Pursuant to the requirements of the Securities Exchange Act of 1934, the registrant has duly caused this report to be signed on its behalf by the undersigned, thereunto duly authorized.
 
 
 
 
 
 
Smith & Nephew plc
 
 
(Registrant)
 
 
 
 
 
 
Date: May 06, 2026
By:
/s/ Helen Barraclough
 
 
Helen Barraclough
 
 
Company Secretary

FAQ

What was approved at Smith & Nephew (SNN) 2026 AGM?

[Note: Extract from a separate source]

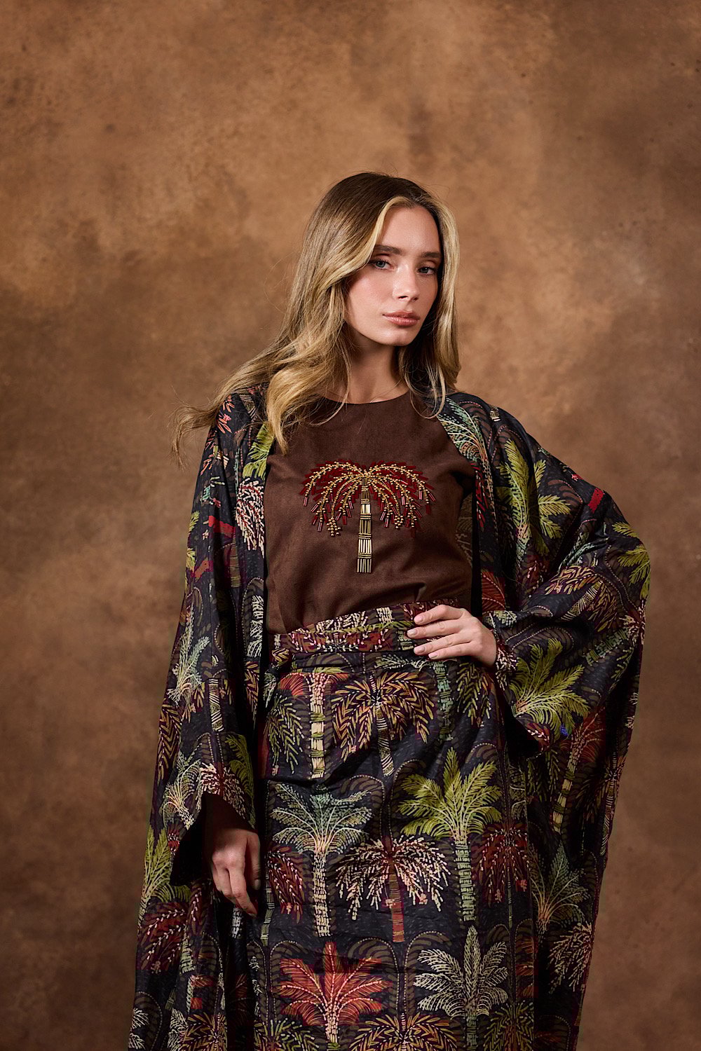 3 pieces kafan ( top - skirt - bisht ) .

Shareholders approved all 27 resolutions, including receiving the audited accounts, declaring a final dividend, electing and re-electing directors, re-appointing Deloitte LLP as auditor, renewing share allotment authorities, buyback powers, pre-emption disapplications, and adopting new Articles of Association.

How did shareholders vote on Smith & Nephew (SNN) Directors' Remuneration Policy?

The Directors' Remuneration Policy received 426,166,391 votes in favour, representing 59.70% support, and 287,672,268 votes against. Total votes validly cast were 713,838,659, with 2,323,582 votes withheld, indicating meaningful shareholder dissent despite overall approval.

What support did Smith & Nephew (SNN) Performance Share Plan 2026 receive?

The Performance Share Plan 2026 gained 428,985,861 votes for, equal to 60.14% support, and 284,276,034 votes against. Total valid votes were 713,261,895, with 2,900,346 withheld, showing the plan passed but with a significant minority of shareholders opposing it.

How strong was overall shareholder turnout at the Smith & Nephew (SNN) AGM?

Turnout was high, with around 83–84% of relevant shares in issue voted on most resolutions. For example, the vote on receiving the audited accounts represented 82.30% of relevant shares, while several other items were supported by over 83.7% participation.

How many Smith & Nephew (SNN) shares were eligible to vote at the AGM?

Ordinary shares in issue were 854,049,145 as of 1 May 2026 at 6pm, excluding treasury shares. Each share carried one vote, forming the basis for the AGM poll results and the reported percentages of relevant shares in issue for each resolution.

What follow-up has Smith & Nephew (SNN) promised after the 2026 AGM vote on pay?

Because Resolutions 2 and 21 received less than 80% support, the Board plans to continue engaging with shareholders and proxy advisers. It has committed to provide an update on these further consultations within six months, in accordance with the UK Corporate Governance Code.